*Data for this exercise*
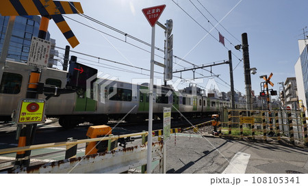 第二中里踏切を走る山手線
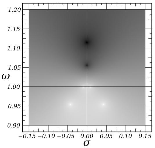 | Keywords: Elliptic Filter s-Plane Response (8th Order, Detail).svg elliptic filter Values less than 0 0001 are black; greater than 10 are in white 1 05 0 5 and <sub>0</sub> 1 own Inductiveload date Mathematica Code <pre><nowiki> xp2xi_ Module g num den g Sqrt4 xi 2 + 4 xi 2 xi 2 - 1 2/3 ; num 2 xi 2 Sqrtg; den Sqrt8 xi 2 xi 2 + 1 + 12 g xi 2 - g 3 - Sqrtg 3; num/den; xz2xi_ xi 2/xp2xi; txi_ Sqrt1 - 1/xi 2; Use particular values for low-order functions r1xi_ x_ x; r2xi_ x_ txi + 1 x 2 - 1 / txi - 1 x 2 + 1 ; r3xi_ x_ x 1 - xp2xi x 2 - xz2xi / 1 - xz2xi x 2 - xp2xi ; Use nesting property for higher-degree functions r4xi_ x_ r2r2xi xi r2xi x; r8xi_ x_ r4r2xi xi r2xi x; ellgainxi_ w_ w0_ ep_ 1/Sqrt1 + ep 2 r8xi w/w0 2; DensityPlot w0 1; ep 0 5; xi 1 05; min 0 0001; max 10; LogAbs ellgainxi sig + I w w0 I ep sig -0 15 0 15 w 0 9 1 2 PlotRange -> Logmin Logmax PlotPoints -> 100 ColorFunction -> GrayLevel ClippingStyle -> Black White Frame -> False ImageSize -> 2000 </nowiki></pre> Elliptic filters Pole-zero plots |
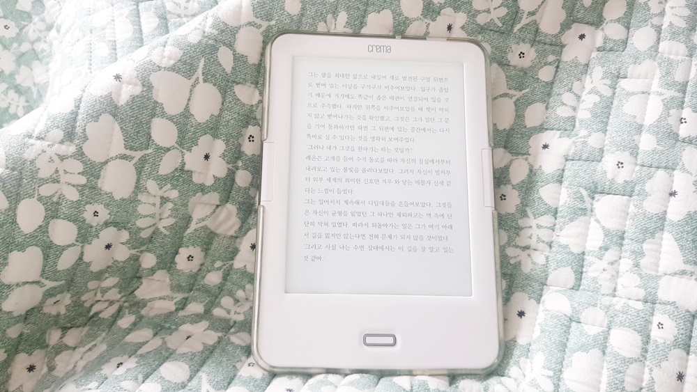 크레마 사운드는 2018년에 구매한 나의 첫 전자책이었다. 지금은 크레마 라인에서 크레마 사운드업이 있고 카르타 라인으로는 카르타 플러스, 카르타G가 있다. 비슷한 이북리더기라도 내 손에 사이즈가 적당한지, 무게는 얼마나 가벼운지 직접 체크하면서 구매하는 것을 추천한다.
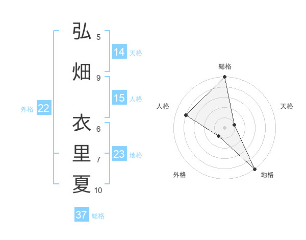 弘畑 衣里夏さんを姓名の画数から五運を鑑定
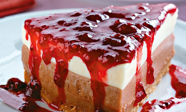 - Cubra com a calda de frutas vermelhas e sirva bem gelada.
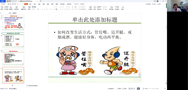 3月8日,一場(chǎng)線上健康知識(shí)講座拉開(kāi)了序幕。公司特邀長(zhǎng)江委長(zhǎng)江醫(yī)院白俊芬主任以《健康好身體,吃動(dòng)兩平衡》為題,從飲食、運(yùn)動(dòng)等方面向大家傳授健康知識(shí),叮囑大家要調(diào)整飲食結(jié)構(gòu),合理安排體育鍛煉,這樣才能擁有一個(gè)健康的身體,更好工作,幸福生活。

--

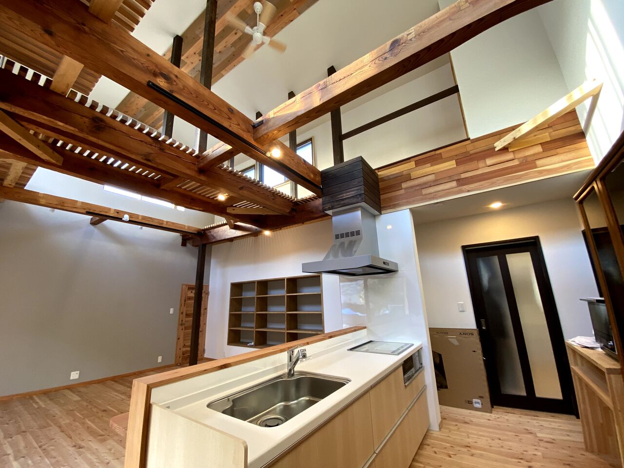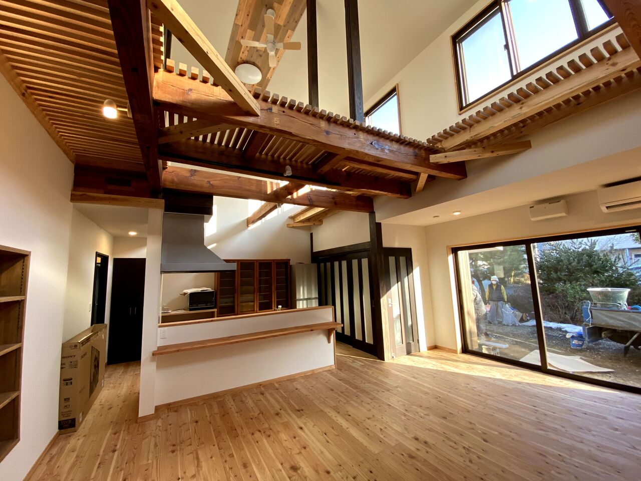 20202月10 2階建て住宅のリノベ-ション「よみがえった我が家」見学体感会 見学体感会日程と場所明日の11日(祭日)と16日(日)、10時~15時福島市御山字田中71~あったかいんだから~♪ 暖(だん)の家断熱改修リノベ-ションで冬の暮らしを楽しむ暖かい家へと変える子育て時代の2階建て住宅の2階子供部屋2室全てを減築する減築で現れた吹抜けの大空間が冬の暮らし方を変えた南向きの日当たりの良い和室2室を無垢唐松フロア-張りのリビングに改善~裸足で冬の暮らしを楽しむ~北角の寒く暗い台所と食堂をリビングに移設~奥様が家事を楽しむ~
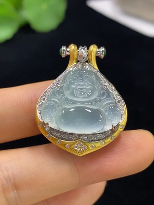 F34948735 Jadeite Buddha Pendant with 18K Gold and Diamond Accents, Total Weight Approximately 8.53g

*Task to carry out*
In the listing above, find the line containing "第二中里踏切を走る山手線" and the line containing "3月8日,一場(chǎng)", then write out both of them and every line between, exactly, with no pictures.

*Solution*
 第二中里踏切を走る山手線
 | Keywords: Elliptic Filter s-Plane Response (8th Order, Detail).svg elliptic filter Values less than 0 0001 are black; greater than 10 are in white 1 05 0 5 and <sub>0</sub> 1 own Inductiveload date Mathematica Code <pre><nowiki> xp2xi_ Module g num den g Sqrt4 xi 2 + 4 xi 2 xi 2 - 1 2/3 ; num 2 xi 2 Sqrtg; den Sqrt8 xi 2 xi 2 + 1 + 12 g xi 2 - g 3 - Sqrtg 3; num/den; xz2xi_ xi 2/xp2xi; txi_ Sqrt1 - 1/xi 2; Use particular values for low-order functions r1xi_ x_ x; r2xi_ x_ txi + 1 x 2 - 1 / txi - 1 x 2 + 1 ; r3xi_ x_ x 1 - xp2xi x 2 - xz2xi / 1 - xz2xi x 2 - xp2xi ; Use nesting property for higher-degree functions r4xi_ x_ r2r2xi xi r2xi x; r8xi_ x_ r4r2xi xi r2xi x; ellgainxi_ w_ w0_ ep_ 1/Sqrt1 + ep 2 r8xi w/w0 2; DensityPlot w0 1; ep 0 5; xi 1 05; min 0 0001; max 10; LogAbs ellgainxi sig + I w w0 I ep sig -0 15 0 15 w 0 9 1 2 PlotRange -> Logmin Logmax PlotPoints -> 100 ColorFunction -> GrayLevel ClippingStyle -> Black White Frame -> False ImageSize -> 2000 </nowiki></pre> Elliptic filters Pole-zero plots |
 크레마 사운드는 2018년에 구매한 나의 첫 전자책이었다. 지금은 크레마 라인에서 크레마 사운드업이 있고 카르타 라인으로는 카르타 플러스, 카르타G가 있다. 비슷한 이북리더기라도 내 손에 사이즈가 적당한지, 무게는 얼마나 가벼운지 직접 체크하면서 구매하는 것을 추천한다.
 弘畑 衣里夏さんを姓名の画数から五運を鑑定
 - Cubra com a calda de frutas vermelhas e sirva bem gelada.
 3月8日,一場(chǎng)線上健康知識(shí)講座拉開(kāi)了序幕。公司特邀長(zhǎng)江委長(zhǎng)江醫(yī)院白俊芬主任以《健康好身體,吃動(dòng)兩平衡》為題,從飲食、運(yùn)動(dòng)等方面向大家傳授健康知識(shí),叮囑大家要調(diào)整飲食結(jié)構(gòu),合理安排體育鍛煉,這樣才能擁有一個(gè)健康的身體,更好工作,幸福生活。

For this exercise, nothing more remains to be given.